→ EXERCISE INPUT
◇ ◇ ◇ ◇

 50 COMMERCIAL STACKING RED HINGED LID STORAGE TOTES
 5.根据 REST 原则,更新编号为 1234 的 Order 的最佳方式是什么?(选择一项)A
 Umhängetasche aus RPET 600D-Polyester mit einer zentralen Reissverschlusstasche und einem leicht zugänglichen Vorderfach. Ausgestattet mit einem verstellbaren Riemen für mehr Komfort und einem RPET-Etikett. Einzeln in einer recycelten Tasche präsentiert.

◇ ◇ ◇ ◇

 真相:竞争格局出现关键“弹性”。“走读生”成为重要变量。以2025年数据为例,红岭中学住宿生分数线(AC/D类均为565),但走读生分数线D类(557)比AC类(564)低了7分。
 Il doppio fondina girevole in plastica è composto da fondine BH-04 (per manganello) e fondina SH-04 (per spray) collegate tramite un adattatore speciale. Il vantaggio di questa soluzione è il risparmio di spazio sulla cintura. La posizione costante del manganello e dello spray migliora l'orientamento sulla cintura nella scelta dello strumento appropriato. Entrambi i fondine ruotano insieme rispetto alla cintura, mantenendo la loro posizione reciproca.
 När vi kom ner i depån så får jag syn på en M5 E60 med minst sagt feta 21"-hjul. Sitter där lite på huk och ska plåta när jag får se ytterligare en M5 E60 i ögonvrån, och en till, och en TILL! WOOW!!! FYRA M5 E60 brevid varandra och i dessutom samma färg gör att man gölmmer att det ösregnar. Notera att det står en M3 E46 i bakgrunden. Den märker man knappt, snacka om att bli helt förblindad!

◇ ◇ ◇ ◇

→ HOW TO COMPLETE THIS TASK
Could you reproduce exactly the lines of the entries above, from the one with "50 COMMERCIAL STACKING" through the one with "Umhängetasche aus RPET", and nothing else?

→ RESPONSE TO THE TASK
 50 COMMERCIAL STACKING RED HINGED LID STORAGE TOTES
 5.根据 REST 原则,更新编号为 1234 的 Order 的最佳方式是什么?(选择一项)A
 Umhängetasche aus RPET 600D-Polyester mit einer zentralen Reissverschlusstasche und einem leicht zugänglichen Vorderfach. Ausgestattet mit einem verstellbaren Riemen für mehr Komfort und einem RPET-Etikett. Einzeln in einer recycelten Tasche präsentiert.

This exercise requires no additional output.